Assigned task:
Return the whole listing exactly, omitting the pictures.

(Supplied material)

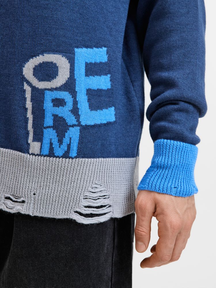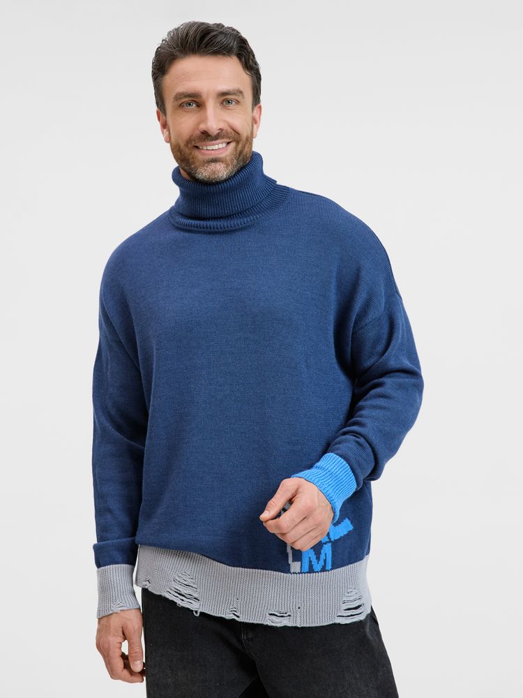 Свитер унисекс с вывязанным логотипом и индивидуальным рисунком в фирменной цветовой гамме.
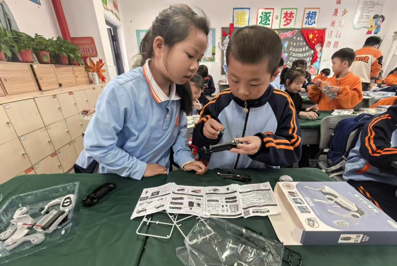 课堂还开展了一场热闹的“机械狗拼装大赛”,同学们两人一组,拿着拼装套件,对照说明书分工合作,有的负责安装“腿部关节”,有的专注连接 “传感器线路”……在团队老师的指导下,经过同学们的一番努力,一个个小巧的机械狗模型顺利完成,并兴致勃勃地进行了遥控机械狗赛跑。
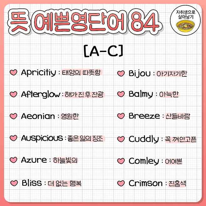 각인하기 딱 좋은! 예쁜 의미 가진 영단어 84개

(End Supplied material)

Task answer:
 Свитер унисекс с вывязанным логотипом и индивидуальным рисунком в фирменной цветовой гамме.
 课堂还开展了一场热闹的“机械狗拼装大赛”,同学们两人一组,拿着拼装套件,对照说明书分工合作,有的负责安装“腿部关节”,有的专注连接 “传感器线路”……在团队老师的指导下,经过同学们的一番努力,一个个小巧的机械狗模型顺利完成,并兴致勃勃地进行了遥控机械狗赛跑。
 각인하기 딱 좋은! 예쁜 의미 가진 영단어 84개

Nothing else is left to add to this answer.